Our movement, the statement boldly declares, "opens America's eyes to the true family values that LGBT couples, parents and families are living and demonstrating every day." So much for fun at the YMCA.

We've sacrificed sexual pluralism on the altar of civil rights. The gay rights movement has at its core the assertion that gay people are just like everybody else—we raise kids, enjoy scouting, and love our country as much as the next straight guy. We thus present no threat to American society and deserve all the rights and responsibilities of full citizenship. This truism is only partially so. We differ in one important way: We have sex with people of the same gender, at least a portion of the time. And that's the part that freaks most straight people out.

Rather than confront this cultural barrier, we try to cover it up like a blemish on otherwise perfect skin. We chose our language carefully: We have an "orientation" that is by no means a choice. We build "committed" relationships. We urge "tolerance" and "acceptance" rather than provoke cultural change.

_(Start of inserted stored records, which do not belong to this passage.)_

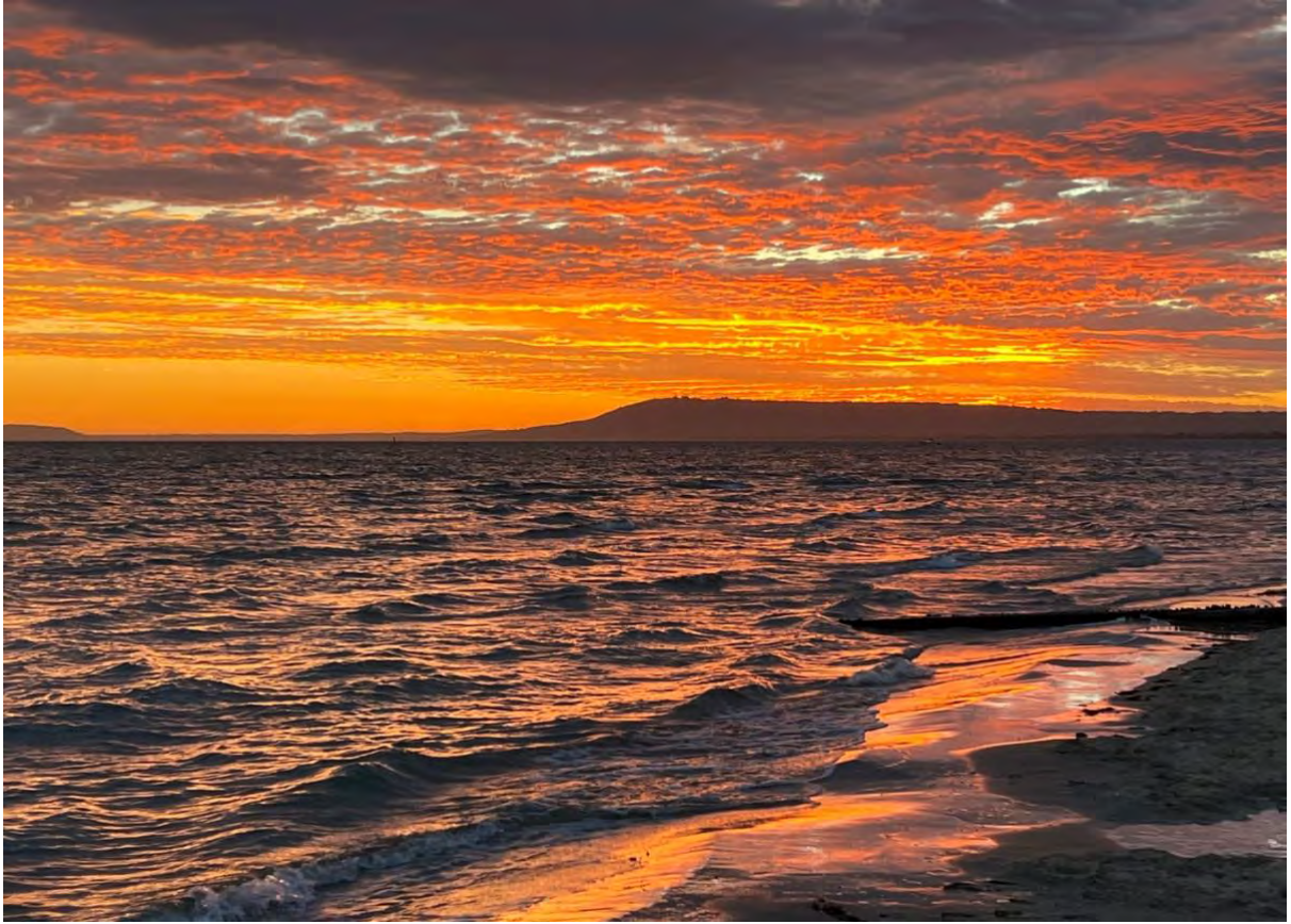
Sunrise captured at Blairgowrie Foreshore, Arthur's Seat in the distance, 11 March 2026; sunrise at Sorrento back beach, below March 2026, a "Monet" composition!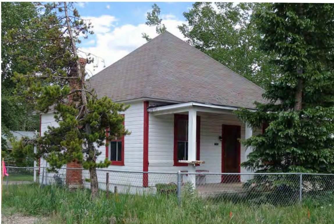
5ST.1744 • Susie Thompson House Looking Southeast Image: 120.N4th.1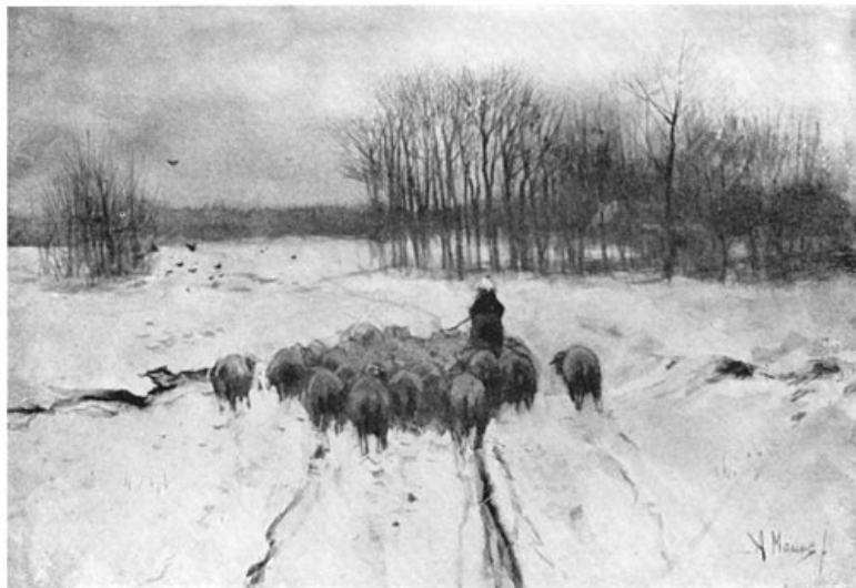
The Shepherd and His Flock

subside. While there he one day stopped a pretty Dutch girl to ask her what she had in her basket. "Eggs, mynheer." "And what is the price?" "A ducat a piece, mynheer." "Are eggs so scarce then in Holland?" "No, mynheer, but kings are."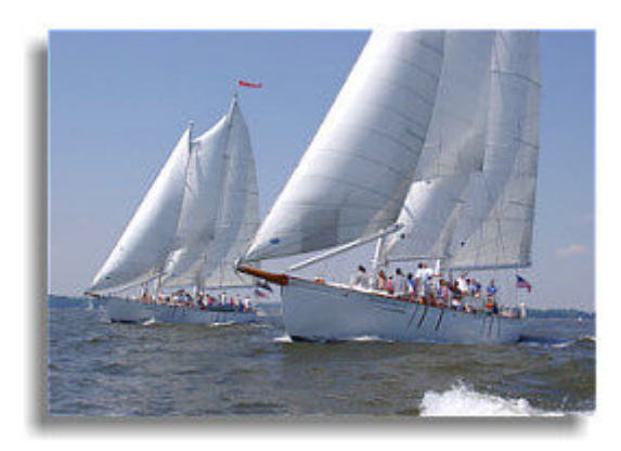
Come Sail Away General Membership Meeting, March 8th Happy Hour: 6:30pm – 7:30pm (Cheap beer & burgers!) Special Meeting – vote on dues increase: 7:30-7:40pm Business Meeting and Speaker: 7:40pm – 9:00pm

At the Old Town Alexandria American Legion, 400 Cameron Street, Alexandria, Va.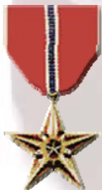
Bronze Star (Unconfirmed)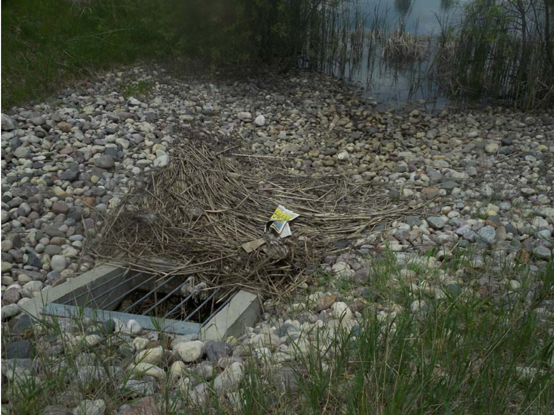
Figure 4: At south portion of pond; looking northerly (pond outlet structure)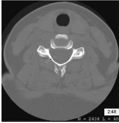
Figure 2 Computed tomography showing a tube (arrow) used for decompression of syrinx in the cervical cord.

She was prescribed fludrocortisone for presumed autonomic dysfunction and discharged and was scheduled for follow up in one month.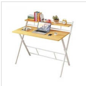
Lap Top And Study Table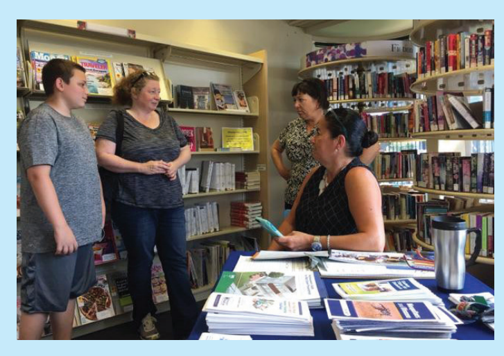
Supporting Our Public Libraries – Continuing New York's commitment to local libraries, the budget provides a total of $96.6 million, an increase of $1 million over last year, and $34 million to support library capital projects across the state.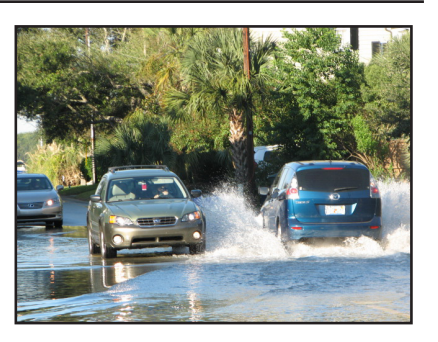
During a tidal flooding event on October 8, 2010, high tide reached 7.66 feet. Wind was from the northeast at less than 10 mph. There was no rain. Had rain accompanied the high tide, flood conditions would have been more extreme.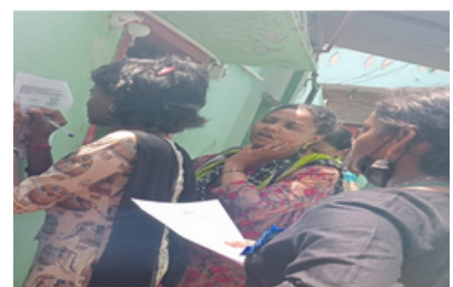
Survey on unemployment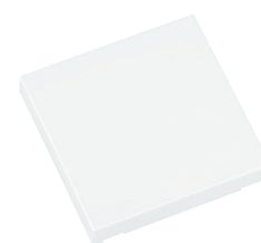
RTS34-ACC-01-xxP 1x ON/OFF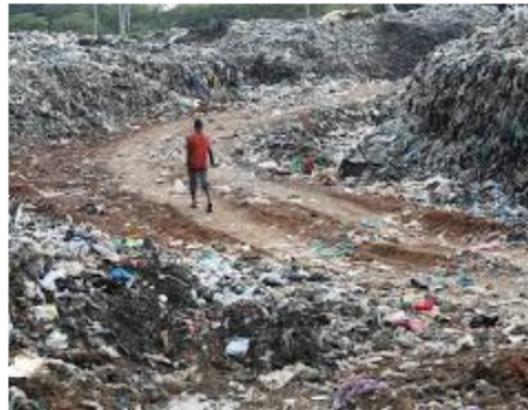
An image of Kachok Dumpsite in Kisumu before Rehabilitation

Waste pollution may not often feature prominently in discussions surrounding climate change, but its impact cannot be overlooked. The release of harmful greenhouse gases, such as methane, from decomposing waste significantly contributes to global warming and the alteration of our planet's climatic patterns. Additionally, the improper waste management practices observed in Kisumu exacerbate the release of these gases, making them a powerful driver of climate change.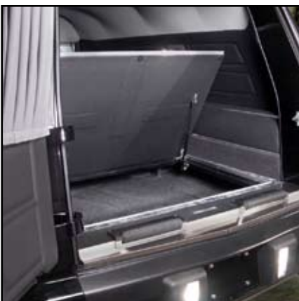
Rear-floor compartment with full-size spare tire storage.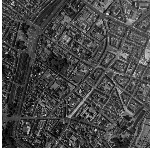
Fig.2 – Right image of an urban scene calibrated stereo pair © French Geographic Institute (IGN).

of the disparity map is not large, we can avoid considering the epipolar geometry. Using epipolar lines does not increase the accuracy but can slow down seriously the computations.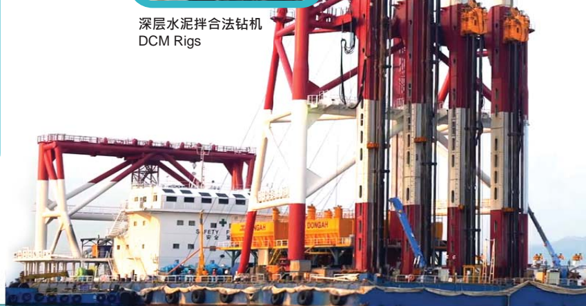
深层水泥拌合法工程船 Barge for DCM

深层水泥拌合法钻机会钻入预定的海床深度，然後注入水泥浆及搅拌，将水泥浆及污泥坑内的软泥混和，使软泥加固成为坚硬的水泥柱。 The DCM rigs are drilled into designated depth under the seabed, cement is then injected and mixed with the soft mud in the contaminated mud pits, strengthening it into cement clusters.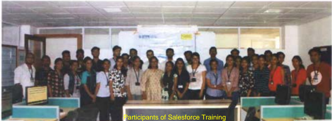
Participants of Salesforce Training

Two Days Workshop on 'Salesforce & CRM Concepts' Feb 9 th – 10 th 2018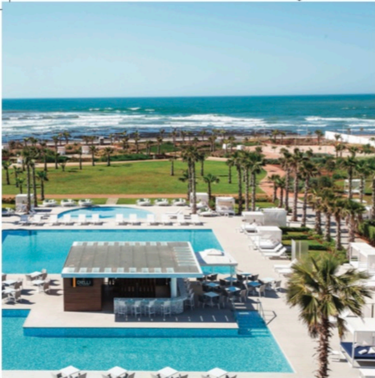
VICHY CELESTINS CASABLANCA

and a heated recovery pool. Water therapies are at the forefront, like the famed Vichy shower treatment, which involves lying under a horizontal shower as oils are massaged all over. Everything has been thought of: the VIP area for ultimate luxury and discretion, the post-treatment tea room, the choice between Vichy products and marocMaroc, a luxury organic Moroccan brand.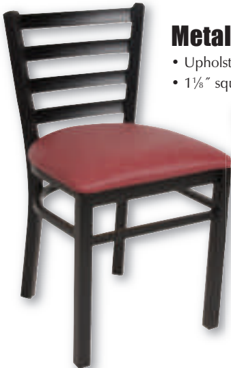
77 Black Textured Powder Coated Frame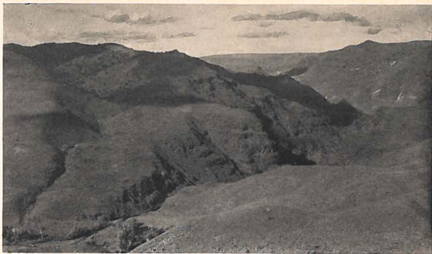
A—Looking down Rock Creek (middle foreground) and valley of John Day River (in distance) below Picture Gorge. Mature topography; 2,000 feet relief. Ochoco Erosion Surface largely destroyed; probable remnants on skyline in center.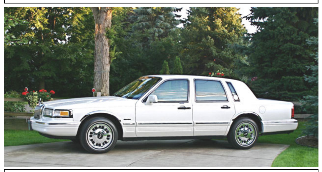
This picture perfect 1997 Town Car belongs to Rolland Toenges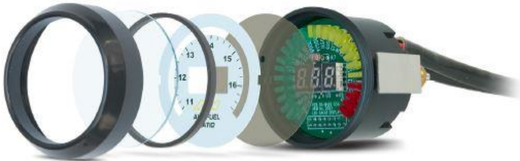
Figure 11. Gauge assembly

When re-assembling the gauge the bezel should be snug. Do not over-tighten the bezel when re-assembling the gauge. (Figure 11)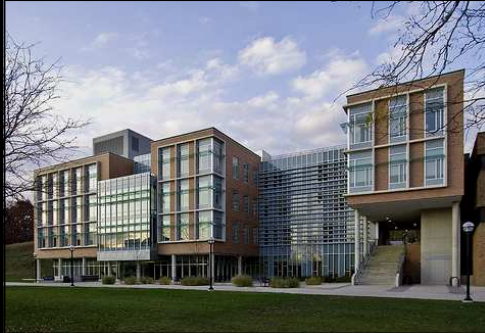
University of Michigan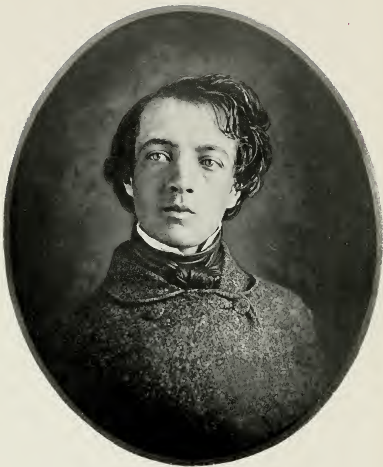
Frederick Law Olmsted in 1850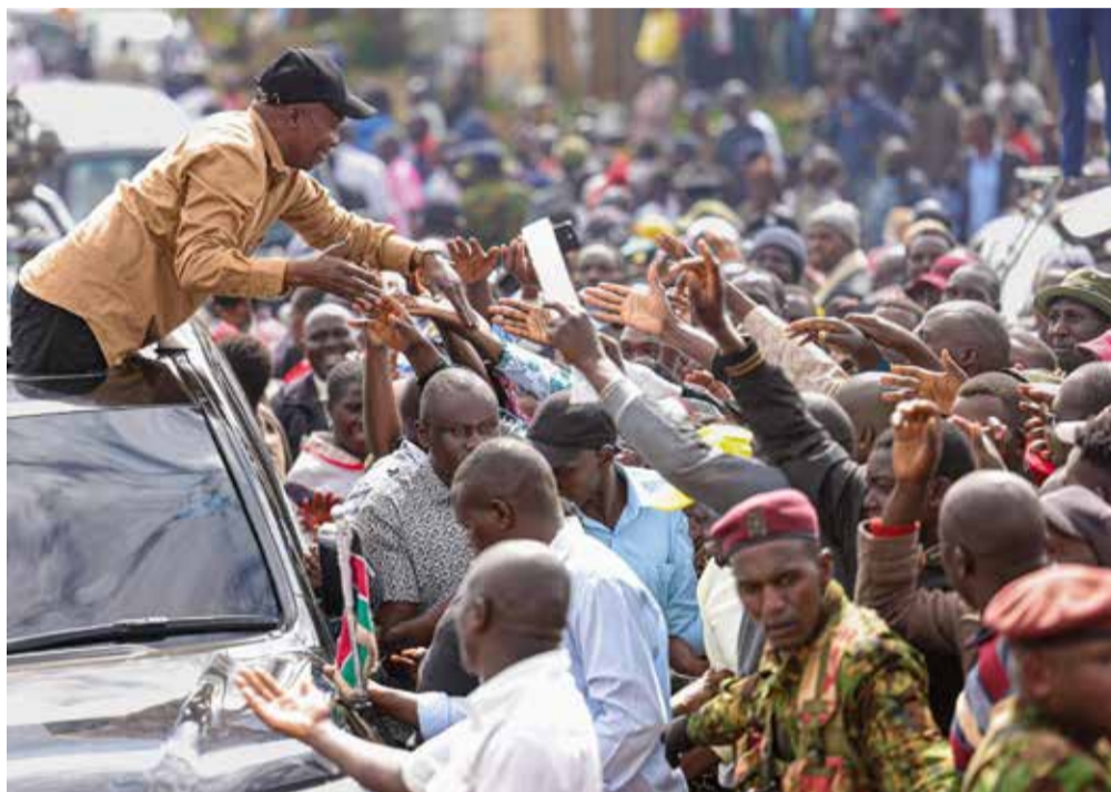
Deputy President Kithure Kindiki interacting with Eldama Ravine residents at Torongo area yesterday.

"Nobody should incite the people of Kenya to break the law or destroy their country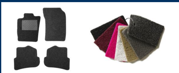
Car mats and mats for multiple purposes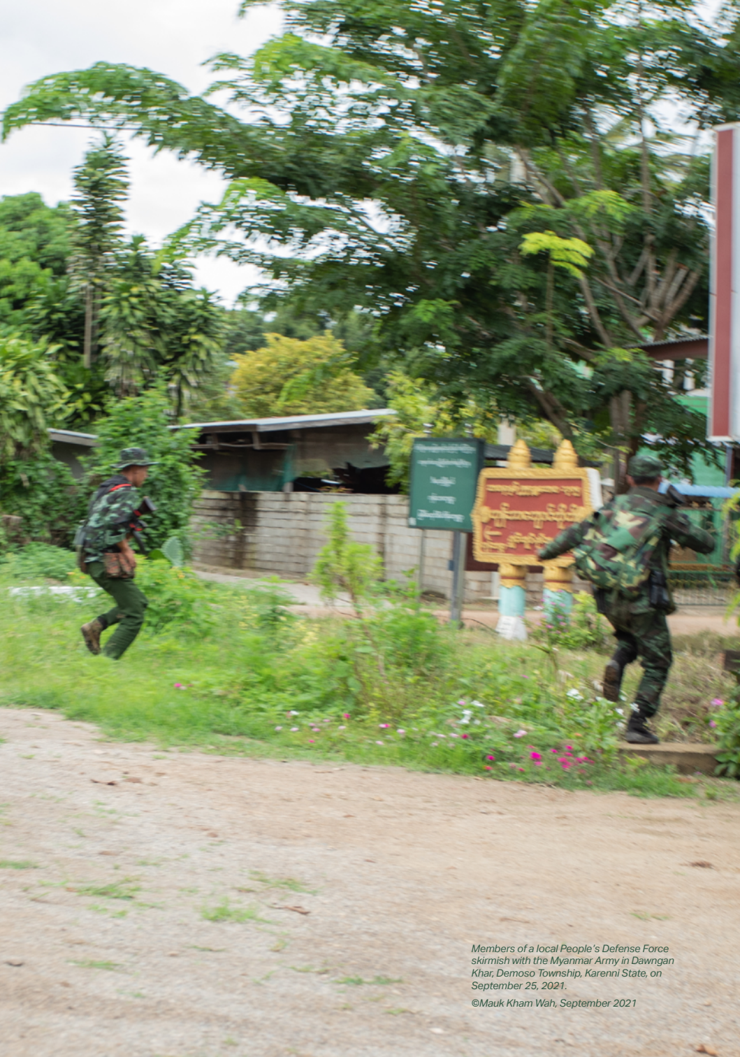
Members of a local People's Defense Force skirmish with the Myanmar Army in Dawngan Khar, Demoso Township, Karenni State, on September 25, 2021.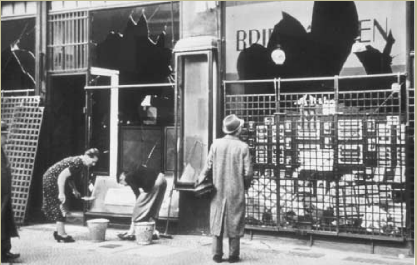
These shops in Berlin were among more than 7,000 Jewish-owned businesses that were vandalized in anti-Jewish riots known as Kristallnacht ("The Night of Broken Glass"). (November 10, 1938)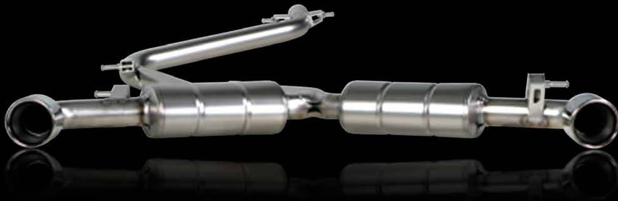
Volkswagen Golf GTI Slip-On system

Hard facts: Stainless steel, 4 HP plus, 6 Nm plus, 7 kg lighter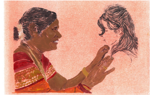
Fig.2. Experimental mono print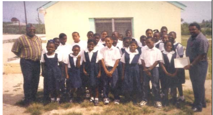
Wado training participants, local Primary School, Cockburn Town, San Salvador, Bahamas

Below: Open training session, community centre basketball court community Cockburn Town vicinity,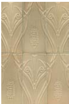
CONCEPT BOARD #52 AVALON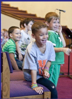
Psalm 122:1: “I rejoiced with those who said to me, ‘Let us go to the house of the Lord.’”

just loving on kids and showing them that they are sons and daughters of the living God. I can tell that God has surely blessed this ministry and hope that God keeps making this ministry everything He has called it to be. I would love to join this ministry in the future because God is with them everywhere they go, and I experienced that the week I was with you guys. The way you teach the kids is so simple and fun, it keeps the kids attention. I loved my week with you guys and hope to go again soon.”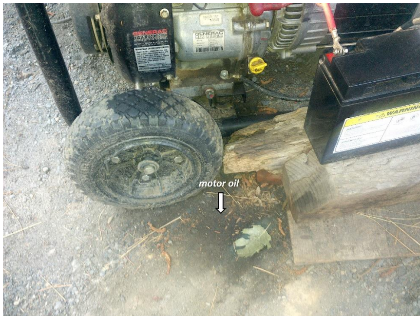
Figure 7—Photo looking at the ground below a generator at WQ1. The generator does not have secondary containment and the ground below the generator is visibly darkened where motor oil has discharged to land.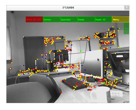
Fig. 2. PTAM interesting points detected

As snapshot messages, location events are sent to event channels too. This way the information can reach different consumers for different purposes. In summary, mobile nodes are snapshot publishers and location subscribers, but not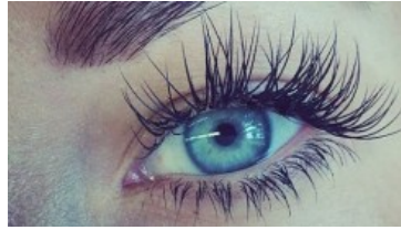
1 Weird Trick For Longer Lashes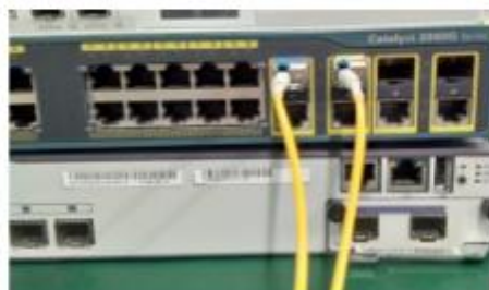
Cisco Catalyst 2960G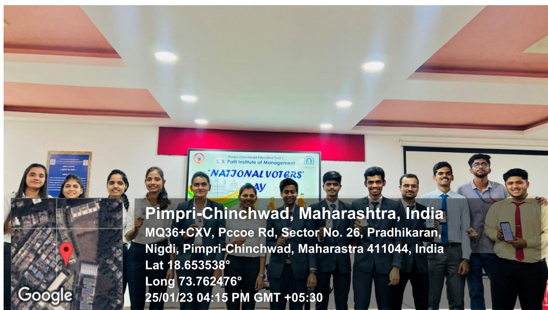
Geo tag Photo of Students with Voters card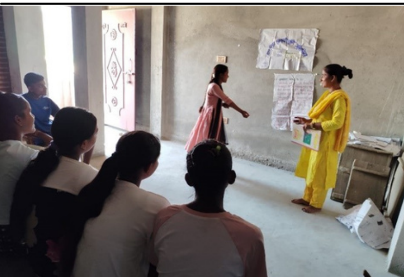
COMMUNITY ORIENTATION THROUGH PEER EDUCATORS, SARLAHI, AUGUST 5, 2024

We have provided seed money support to three rights holders to initiate livelihood activities aimed at improving socio-economic status by increasing access to resources and economic opportunities at the local level. One right holder from Rautahat received assistance to start a snack stall. Additionally, two rights holders from Mahottari received seed money support: one to set up a photocopy and printing shop and the other to purchase goats to develop a livestock business.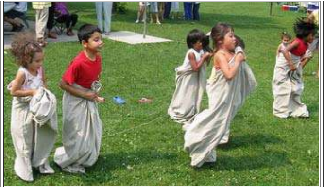
Kids Sack race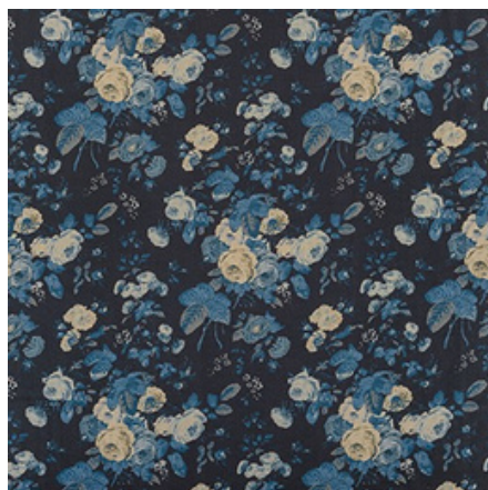
Tallulah Floral in Indigo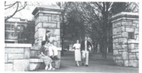
The Herculean Pillars were built of stone salvaged from the original Normal School Building. The monument was a gift to the college from the class of 1915.

A walkway leads north from the pillars to the main entrance of Showalter Hall. The pillars and attached benches are constructed from rough-faced granite blocks of various sizes salvaged from the rubble of the old Cheney Normal School building which burned in 1912. Two twelve foot high square pillars flank the walkway, each with a square stone capital. Metal plaques on both pillars read "Erected by the Alumni Association and Students - 1915." Each pillar has an adjoining wall with semi-circular section, concluding with a stone pier. The semi-circular portions of the wall contain curved granite benches.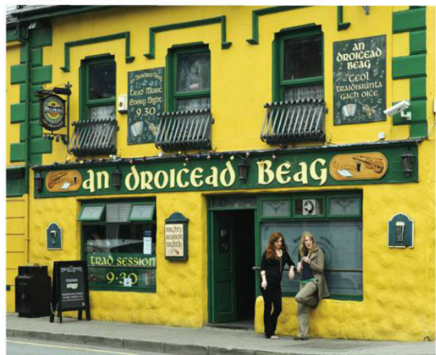
▼ FIGURE 5-36 IRISH The name of the pub means “the little bridge” in Irish.

In the 1300s, the Irish were forbidden to speak their own language in the presence of their English masters. By the nineteenth century, Irish children were required

Legal equality is a worthy goal, all the more so for those at the lower end of the economic ladder who can't afford to tell the boss to fuck off when he demands they dress like ladies or gents. But it's also a goal that will remain elusive as long as we opt out of the sex wars. We must convince America to celebrate rather than hide from the fact that we all have sex, of all different sorts—to champion the idea that hetero or homo, missionary or doggy-style, it's all good. For until the country stops dividing sex by what's natural or perverted, we'll never get our rights—civil or otherwise.